WORK ITEM =>
Give again only the lines from the line that holds "活动进入高潮,全场师生起立齐" to the end of the data, inclusive, omitting all pictures.

COLLECTED DATA =>
§ §
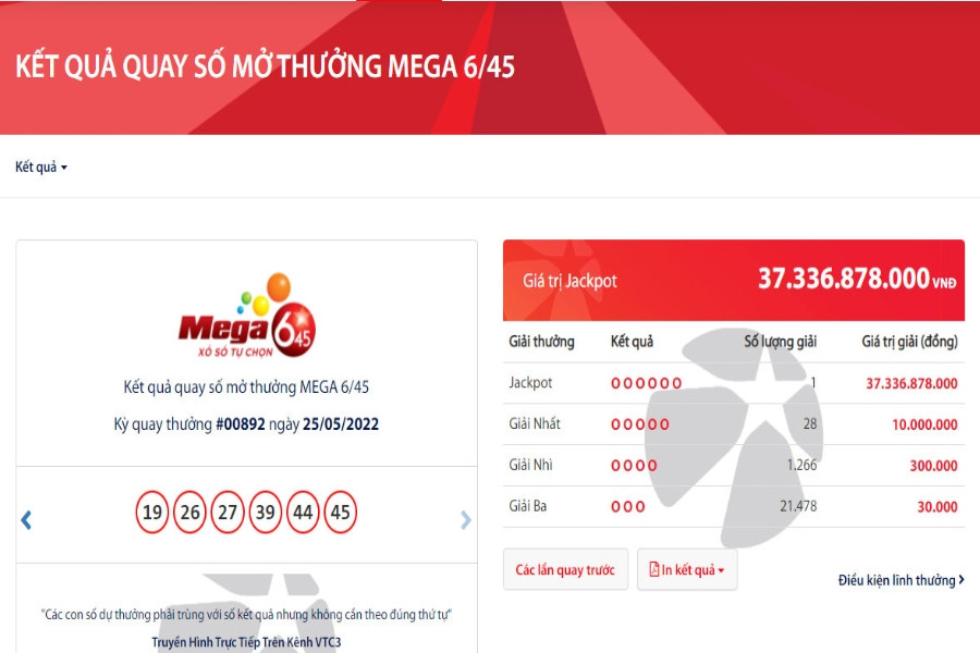 Người trúng thưởng có 60 ngày kể từ ngày công bố giải thưởng để lĩnh thưởng. Quá thời hạn trên, giải sẽ bị hủy và sung vào hạng mục thu nhập khác của Vietlott.
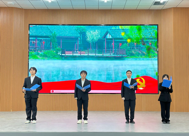 活动进入高潮,全场师生起立齐唱《没有共产党就没有新中国》,嘹亮的歌声铿锵有力,回荡在活动现场,凝聚起全体师生坚定不移跟党走的信念与决心。在领誓人袁萌晨的带领下,现场全体师生举起右拳庄严宣誓,铮铮誓言铿锵有力,字字千钧,彰显了传承红色基因、勇担时代使命的坚定决心。随后,学院为获评“共产党员示范岗”“党员模范宿舍”“团员模范宿舍”的先进个人与优秀集体隆重颁发证书与旗帜,现场掌声雷动,氛围热烈。
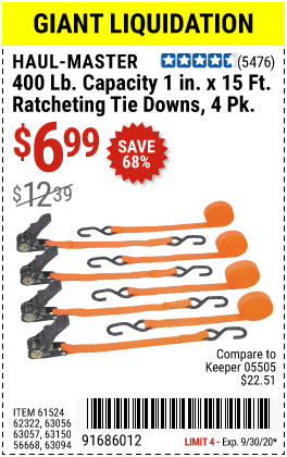 HAUL MASTER 4 PIECE, 1" X 15FT. RATCHETING TIE DOWNS Lot No. 90984/63056/63057/63150/56668/63094 Expired: 9/30/20 - $6.99 Coupon Code: '18107158'
§ §
TASK RESPONSE =>
 活动进入高潮,全场师生起立齐唱《没有共产党就没有新中国》,嘹亮的歌声铿锵有力,回荡在活动现场,凝聚起全体师生坚定不移跟党走的信念与决心。在领誓人袁萌晨的带领下,现场全体师生举起右拳庄严宣誓,铮铮誓言铿锵有力,字字千钧,彰显了传承红色基因、勇担时代使命的坚定决心。随后,学院为获评“共产党员示范岗”“党员模范宿舍”“团员模范宿舍”的先进个人与优秀集体隆重颁发证书与旗帜,现场掌声雷动,氛围热烈。
 HAUL MASTER 4 PIECE, 1" X 15FT. RATCHETING TIE DOWNS Lot No. 90984/63056/63057/63150/56668/63094 Expired: 9/30/20 - $6.99 Coupon Code: '18107158'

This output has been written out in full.